Hello guys, I'm very happy to be heard. I have a s...
# prefect-server
a
Hello guys, I'm very happy to be heard. I have a simple question: does Prefect run on Spark Cluster? Because I didn't find that in a clear explanation and all the documentation is oriented Dask oriented. Can someone explain this to me? Thanks
n
Hi @Ana - since you posted this in the #prefect-server channel I'll assume you're talking about deploying the Server application to a Spark Cluster, is that correct?
👍 1
a
Yes, totally!
n
Got it! Ok so this is possible but it's not something we explicitly support. I think the most analogous deployment I've seen from the community has been the helm chart developed by @Shaun Cutts here: https://github.com/PrefectHQ/server/pull/57
👍 1
a
Thanks for the answer. So, to confirm: Prefect is more Dask oriented and doesn't support Spark cluster, right? 🙂
n
@Ana I think your use case is different than I was imagining; can you help me understand what you’re trying to accomplish?
a
OK, I'll clarify my question: Can I use Prefect to orchestrate Spark jobs on the Spark cluster?
n
Yes!
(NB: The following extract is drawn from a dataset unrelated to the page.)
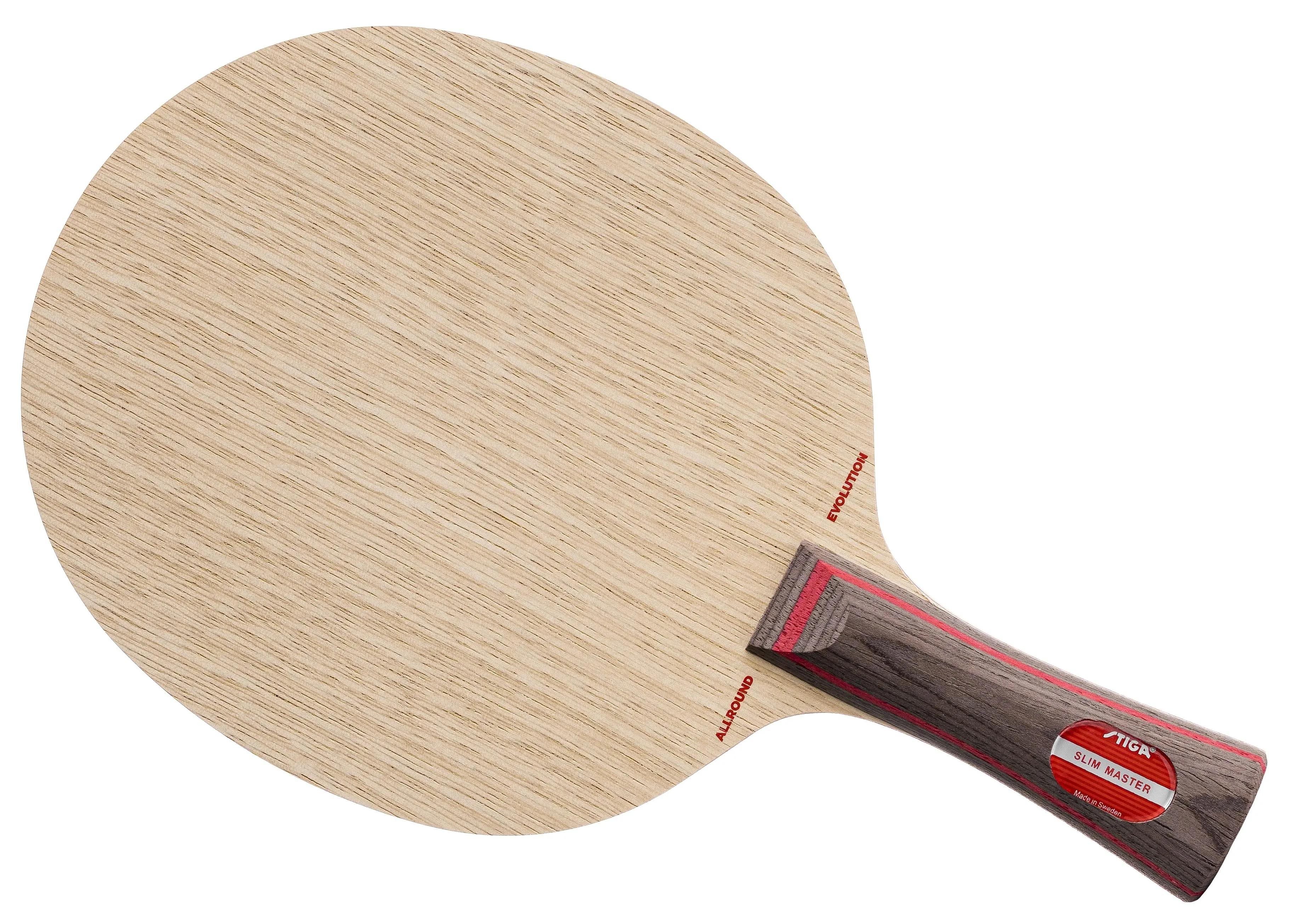 Stiga Allround Evolution Slim is a 6-ply offensive blade with a thickness of 5.8 mm. It is made of桐木(桐木) wood, which gives it a good balance of speed, control, and feel. The outer plies are made of limba wood, which adds to the blade's speed and power. The blade has a slightly concave handle, which provides a comfortable grip.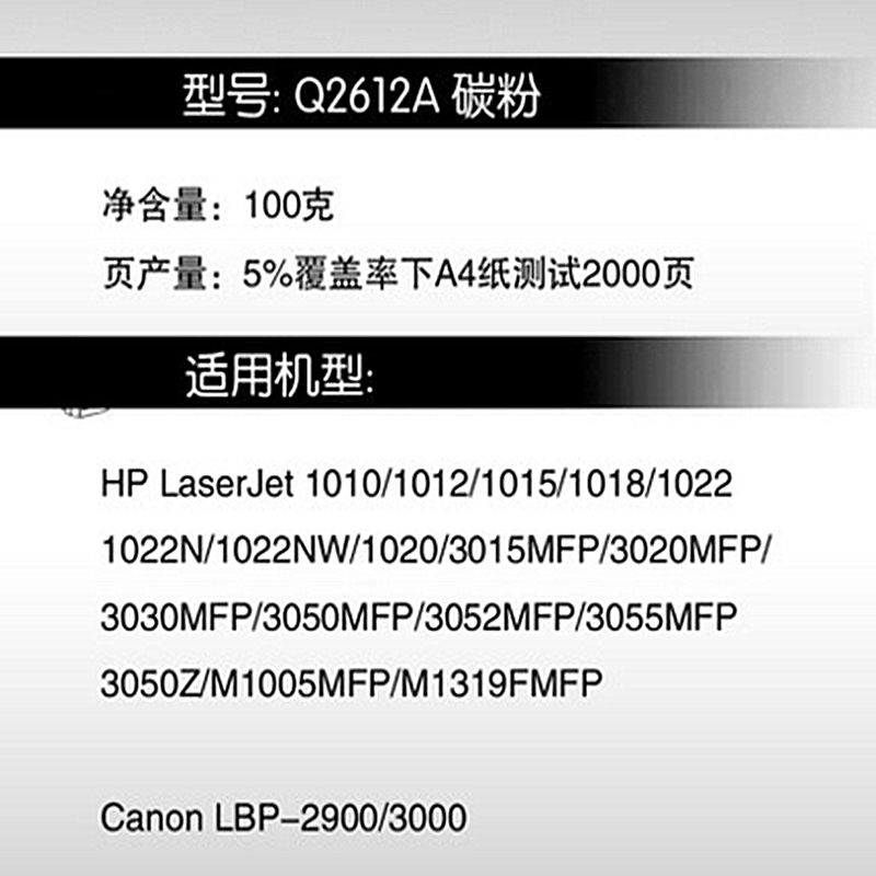 - 商品名稱:格之格 NT-T2612A 碳粉 添加粉 適用于hp 1010,1012,1015,1018,1020,1020plus,1022,3015,3020,3030,3050,3052,3055,M1005mfp,M1319fmfp,佳能303 2900 100g/支 黑色(kj)

You definitely can do that; while we don’t have a SparkExecutor or anything, it’s definitely possible to write a flow that spins up a spark cluster, submits jobs to it, and then tears it down.
👍 1
a
Great!! Can you share any documentation on this or a user case? I didn't find any documentation on this except on using the databricks API
Hello @nicholas ! Do you have any information about my last question?
n
Hi @Ana, apologies for the delay as I was out of the office on Friday. I don't think there's any strict documentation on this but I know it's been discussed before in the community channel; because of the modular nature of Prefect tasks, anything you could do with a normal Python script you can do with a Prefect task. This includes things like interacting with an API or OS
👍 1
j
does Prefect run on Spark Cluster
Hi @Ana, to clarify are you asking if you can run Prefect on top of Spark clusters, or are you asking if you can run Prefect on a Hadoop/YARN cluster that you normally use for running spark jobs (some people conflate the two). If the latter, the answer is definitely yes (Dask can run fine on a Hadoop/YARN cluster using https://yarn.dask.org). We could improve our integration here further by writing an Agent (https://docs.prefect.io/orchestration/agents/overview.html) for running Prefect flow runs on the cluster as well, but that work hasn't been done yet.
👍 1
a
Hi @Jim Crist-Harif, thank you for the answer. My question is to run Prefect Orchestration on Spark cluster (not hadoop/yarn). I can't see any documentation on this and this make me feel uncomfortable in using Prefect.
Hi @nicholas, thanks for the answer. I know I can write Python script in Prefect, but I need to see a user case or any documentation to answer this question. Can you provide that?